Maybe it is just me, but today the word passion lacks the potency and gravity that it etymologically deserves.

I often encounter the word, in its adjectival form, bedecking classifieds for jobs: "...seeking passionate employee...." The word subsequently peppers the applicant's cover letter and résumé. Guiltily, I have done so myself. But to my ears, neither usage of passionate reveals anything substantial about the desired employee or the aspiring applicant. The word also commonly modifies the amatory, as in "passionate lover" or "passionate sex." Love better approximates the etymological passion, to be sure, but our usage seems to emphasize its carnal aspects.

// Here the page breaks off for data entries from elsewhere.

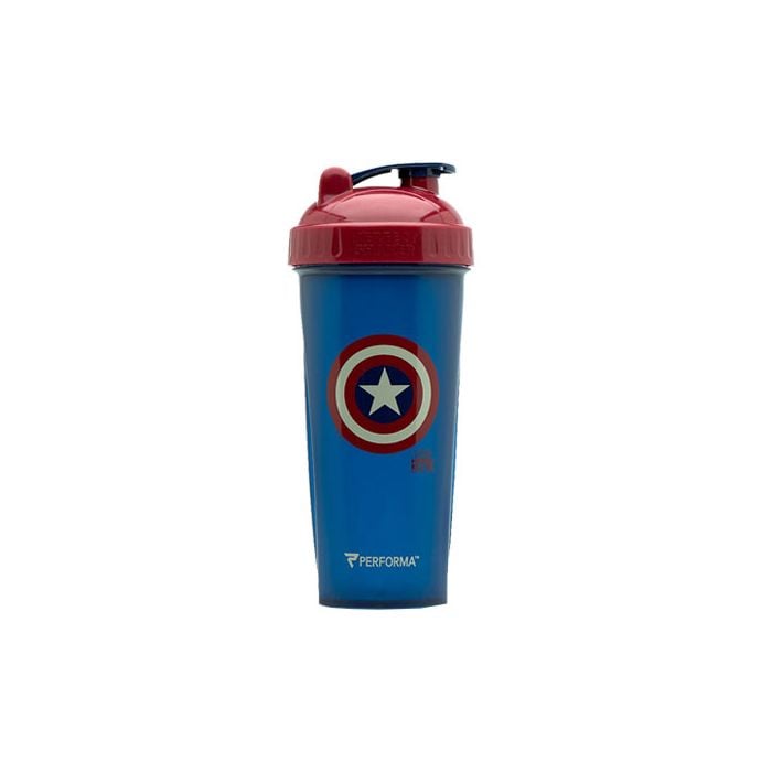 Performa Captain America ist ein Qualitäts-Shaker für Supermänner mit einem Fassungsvermögen von 800 ml. Jetzt können Sie mit der Original Performa Edition mit den Comic-Superhelden-Logos als echter Superheld trainieren! Es besteht aus BPA-freiem, sicherem Kunststoff und verwendet nur Lebensmittelfarben. Es kann in der Spülmaschine gewaschen werden und die neue verbesserte Getränkemischtechnologie sorgt für ein gleichmäßiges Mischen ohne Klumpen und Unordnung.
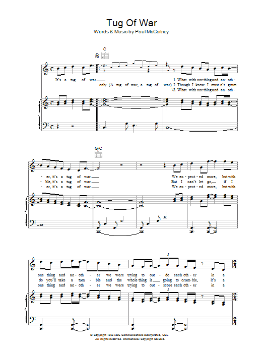 Download or print Paul McCartney Tug Of War sheet music, chords and digital score arranged for Piano, Vocal & Guitar Chords. This Pop score includes 5 page(s).
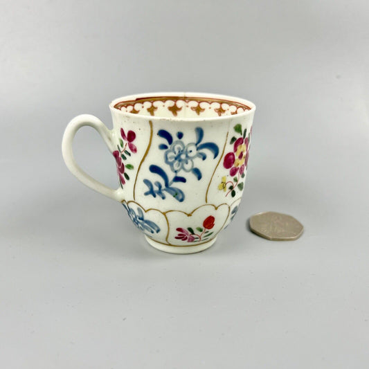 1st Period Worcester outside decorated coffee cup. Gilt trellis inner rim. c1770
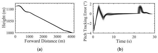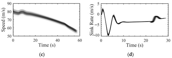 Time-domain curves for Monte–Carlo simulation. (a) Height-Forward Distance, (b) Pitch Tracking Error, (c) Speed, (d) Sink Rate.
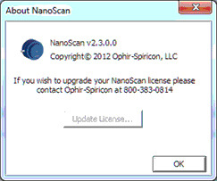 The NS v2 software is the same for both Standard and Professional, no need to download/install a different version. To perform the upgrade you must purchase the license for the NS v2 Professional. With the included license key you can click on the blue scanhead image in the left corner and select About from the dropdown, where you can then upgrade the scanhead from the Upgrade License box (see below).
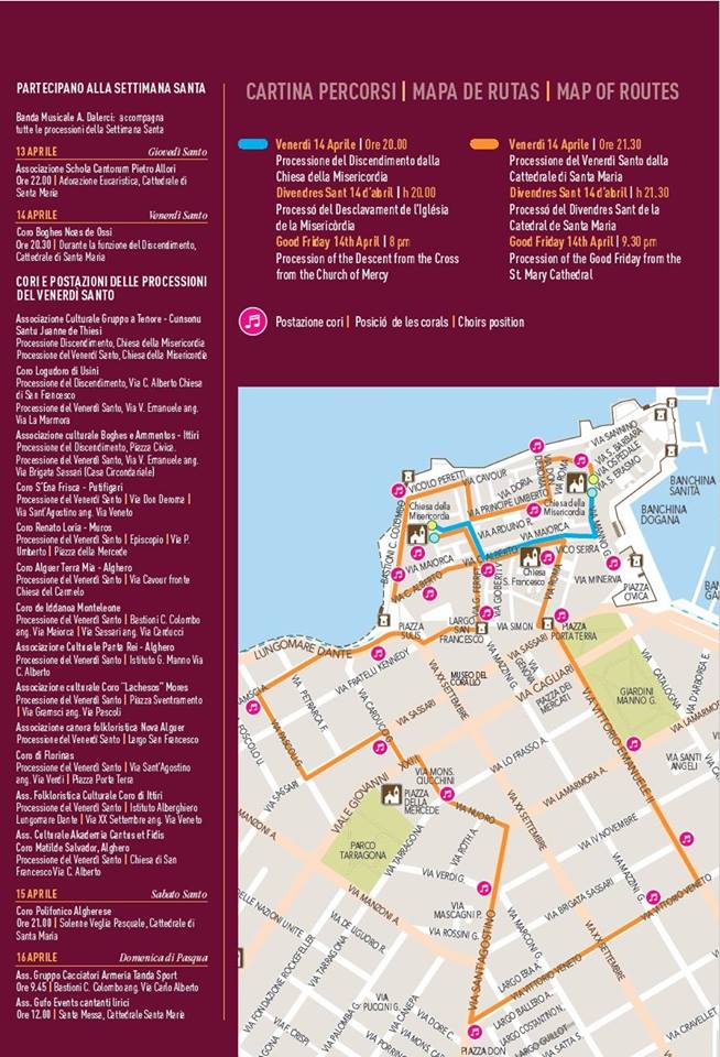 Percorso: Cattedrale di Santa Maria, Via Santa Barbara, Via Cavour, via Don Deroma, Via P. Umberto, Via G.Ferret, Via Cavour, Bastioni C. Colombo, Via C. Alberto, Via G. Ferret, Largo San Francesco, Via Kennedy, Piazza Sulis, Lungomare Dante, Via Gramsci, Via Pascoli, Via Sassari, Via Carducci, Piazza della Mercede, Via Nuoro, Via S. Agostino, Via V. Veneto, Via V. Emanuele, Via Roma, Via C. Alberto, Via G. Ferret, Via P. Umberto, Chiesa della Misericordia.
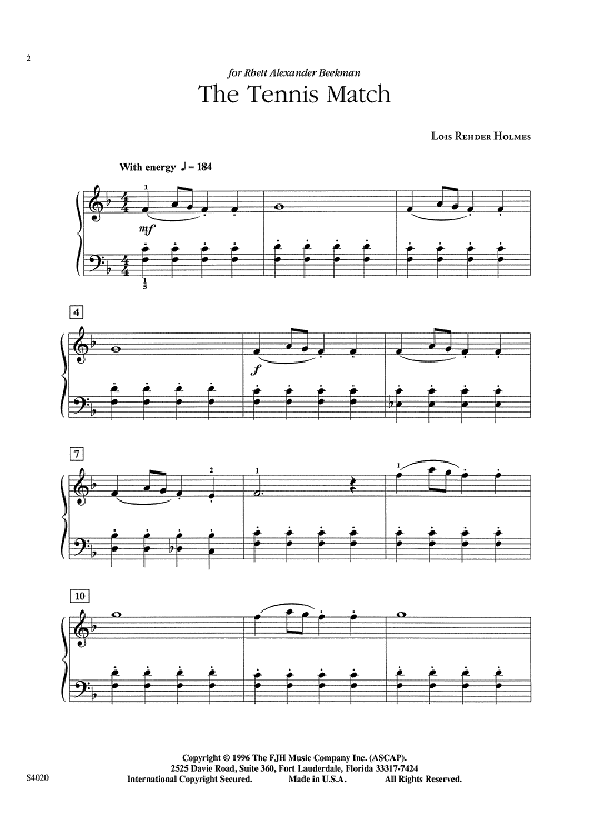 "TheTennis Match" Sheet Music by Lois Rehder Holmes
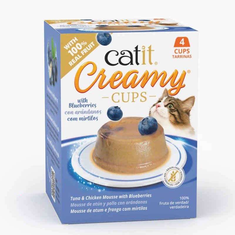 Mima a tu gato con un capricho irresistible y saludable. Las Catit Creamy Cups de atún, pollo y arándanos combinan una suave mousse con auténticos trozos de fruta, ofreciendo una experiencia gourmet llena de sabor natural.
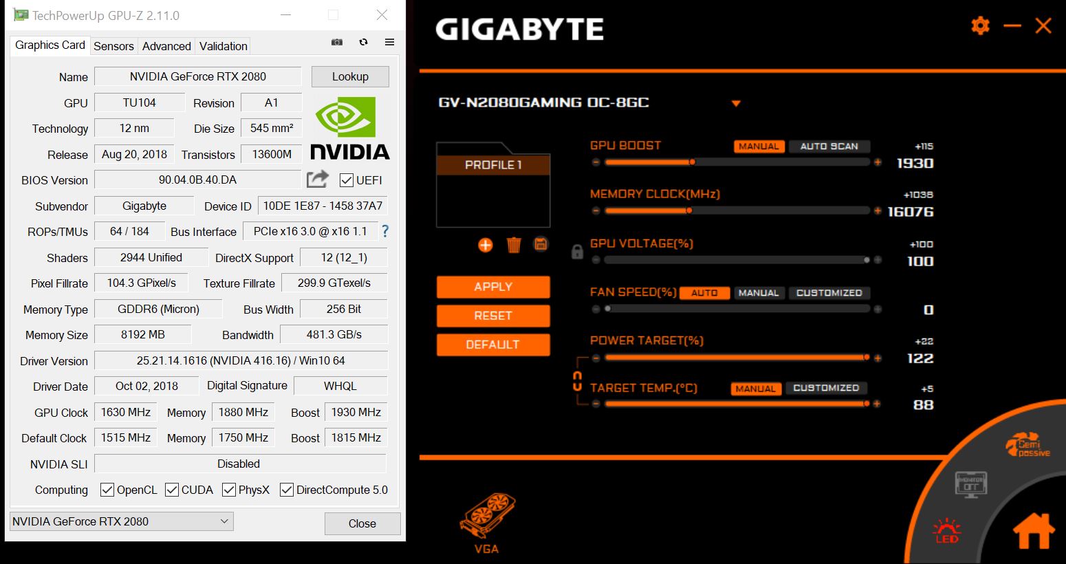 после 2 часов игры в вар тандер со сглаживанием ssaa 4x в профильном корпусе с парой вентилей на вдув и одним на выдув RTX 2080 Gaming X Trio разогрелась до 76 градусов, это все еще без разгона (частота ядра была почти все время 1905, и порой просаживалась до 1890)
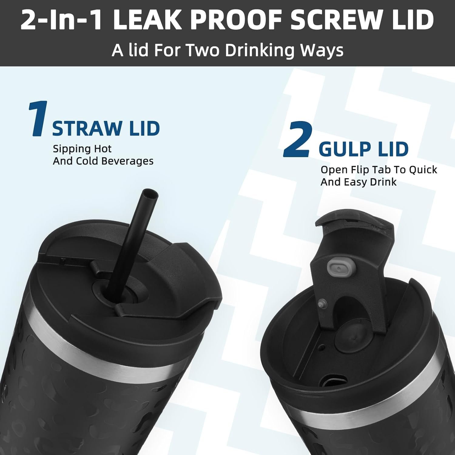 BPA-Free Threaded Lids: The 2 In 1 Screw-on Lid, Not Only Can You Open The Lid And Drink Directly From The Flip Lid, But Also Can Insert A Straw In The Middle, Choose Your Own Way For Drinking
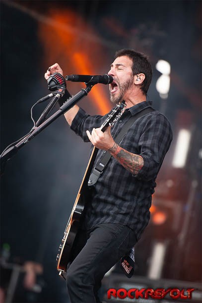 Trivium who have racked up eight studio albums since their formation in Florida in 1999, have attracted a huge crowd to the Main stage. The weather has improved, and this only adds to the excitement of the fans and the band. The set today includes “Like Light to the Flies,” a blistering rendition of “Strife” and “In Waves.” The show is augmented by liberal use of Pyrotechnics and smoke, which add to the atmosphere. After the last tour was received so well, it is great to see Trivium at Download. The band has grown, and they admit they have their sights set now on a festival headline slot. Following this tour they plan to start writing material for a new album, so there is much to look forward to!
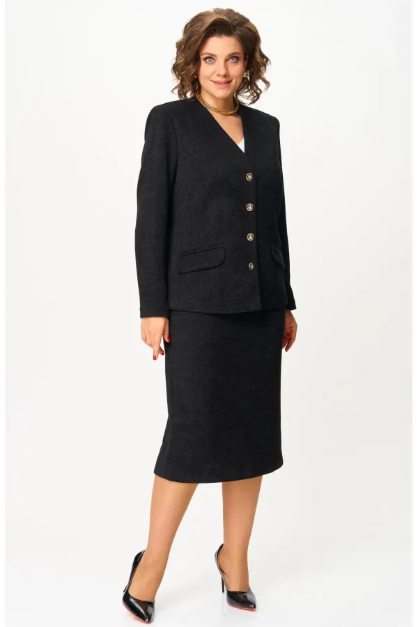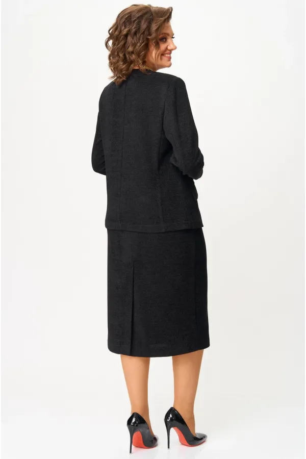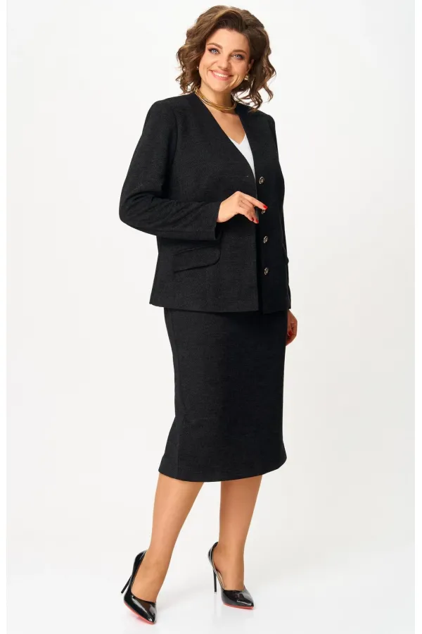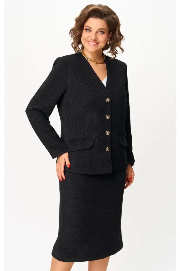 Комплект женский-двойка,из плотного трикотажа, Жакет классический, с V-образным вырезом, полуприлегающего силуэта с центральной бортовой застежкой на петли-пуговицы. Спереди рельефные швы отпроймы, талиевая вытачка и карман с клапаном. Спинка со средним швом и рельефами от проймы. Рукав втачной, двухшовный. Перед жакета на подкладке. Длина рукава 61 см, длина жакета по спинке 62 см. Юбка прямого силуэта, удлиненная, верхний срез юбки обработан обтачкой, имеются талиевые вытачки, заднее полотнище со средним швом, застегивается на потайную молнию. Шов переходит к низу в шлицу. Длина по боковому шву 79 см. Юбка на подкладке.
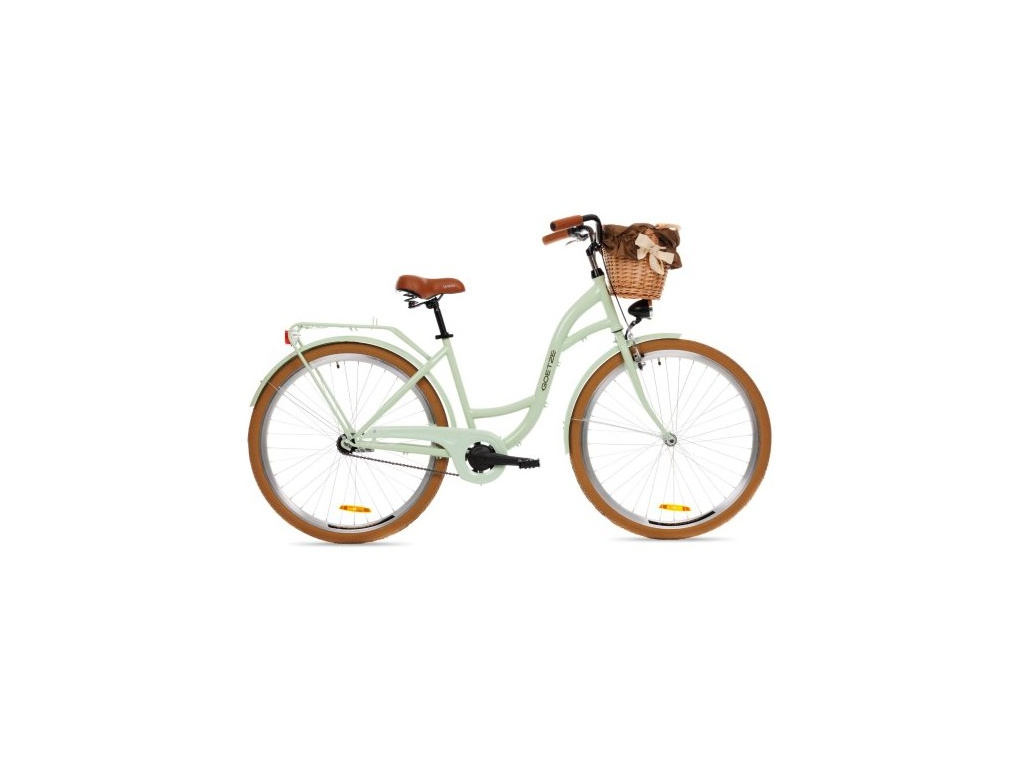 Elegantný mestský bicykel v retro dizajne, vhodný na jazdu po meste a na vidieku. Pevný oceľový rám je vďaka svojej zníženej konštrukcii prispôsobený na pohodlné nastupovanie a je vhodný pre výšku postavy od približne 160 do 180 cm. Súčasťou je predný kôš s dizajnovým obložením, kvalitné osvetlenie LED, blatníky, zadný nosič, stojan a bezpečnostný kryt reťaze.
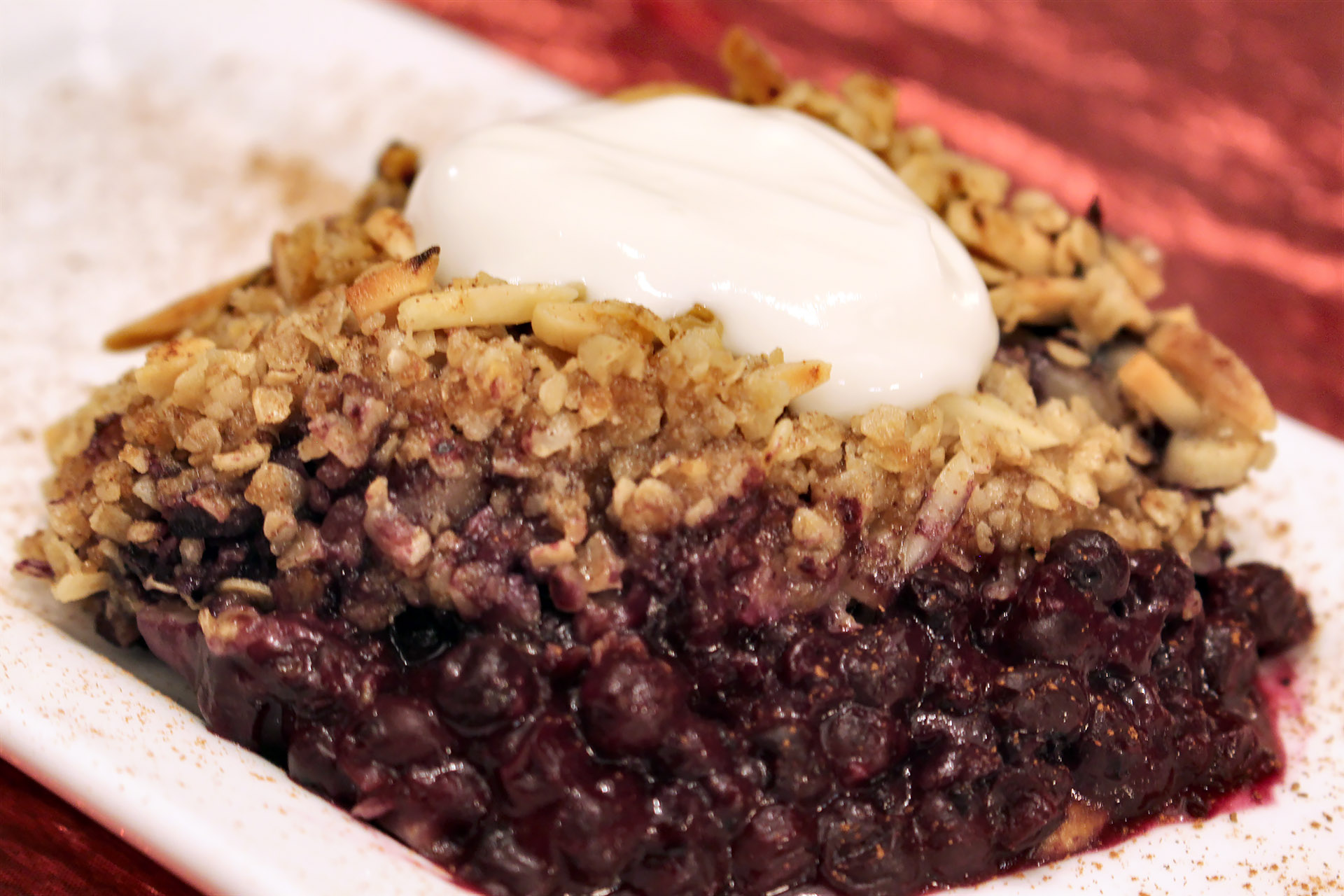 Bake until the fruit is bubbling and the topping is golden, 20 to 25 minutes. Let stand for at least 10 minutes before serving. Top with yogurt and enjoy your comfort ‘n joy.
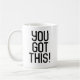 You Got This! modern typography coffee mug. Custom colour cup with motivational quote or personalized text. Meaning; seize the day. Black and white design. Elegant mug for home or office. Cool Birthday gift idea for friends, family, teacher, coworker, colleague, boss etc. Double sided print.
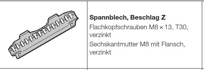 Hörmann Spannblech verzinkt, für den Beschlag Z, Baureihe 40
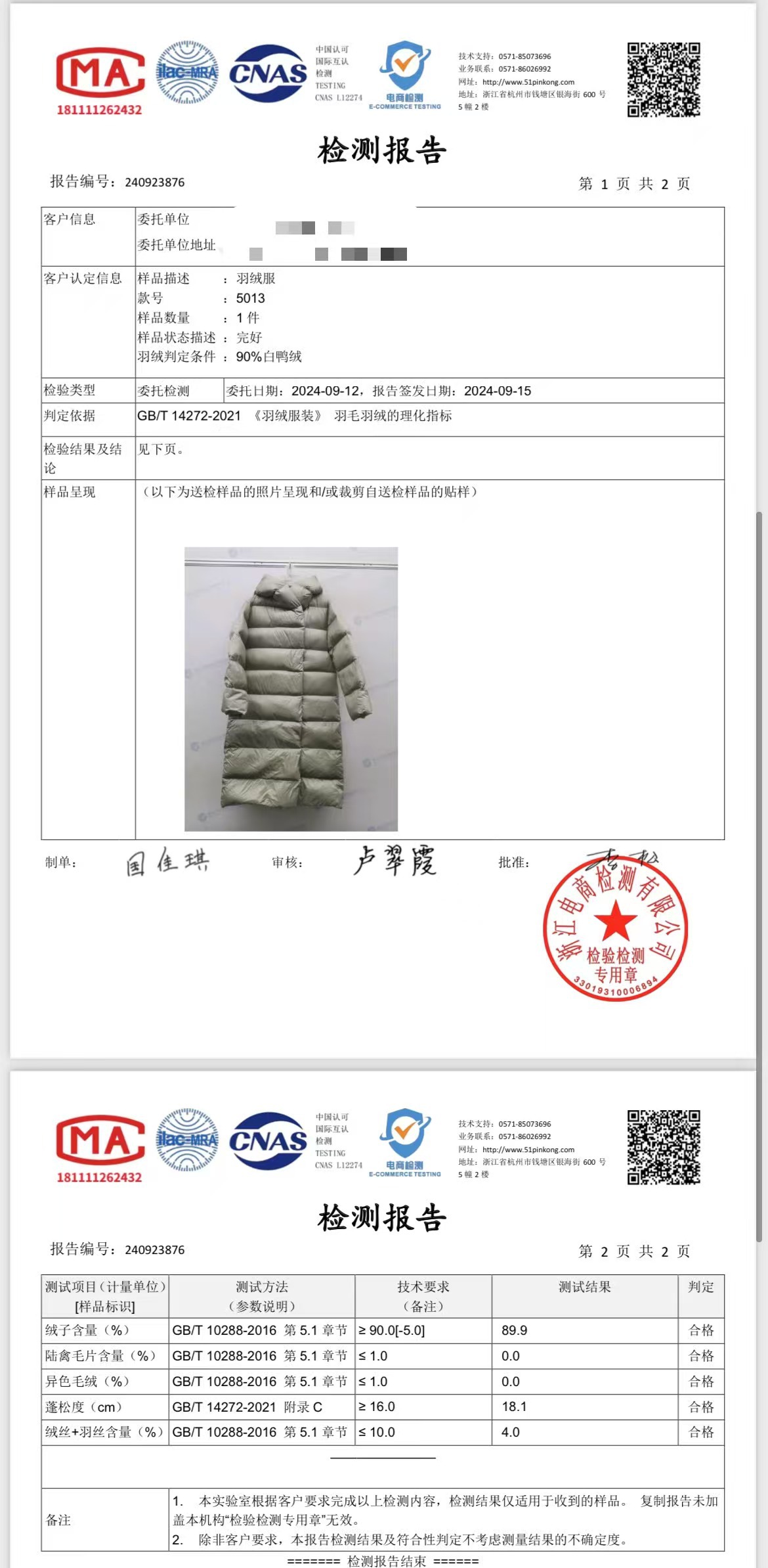 주요 원단 성분 함량

Then there is the empty question: "What are your passions?" This question usually implies activities, perhaps even hobbies, one enjoys outside of his or her professional identity. Call me curmudgeonly, but I think passion has greater depth. 

There is one usage, however, that does retain the original sense of the word, and this usage has become sedimented in a few related terms: "The Passion of Christ," "Christ's Passion," "The Passion Narratives," or simply, "The Passion." The Passion, in Christian tradition, refers to the episodes culminating in Jesus Christ's crucifixion, from his betrayal to his trial to his actual suffering on the cross. It is the suffering throughout these events that needs the greatest stress. And it is the word suffer itself that needs most etymological emphasis.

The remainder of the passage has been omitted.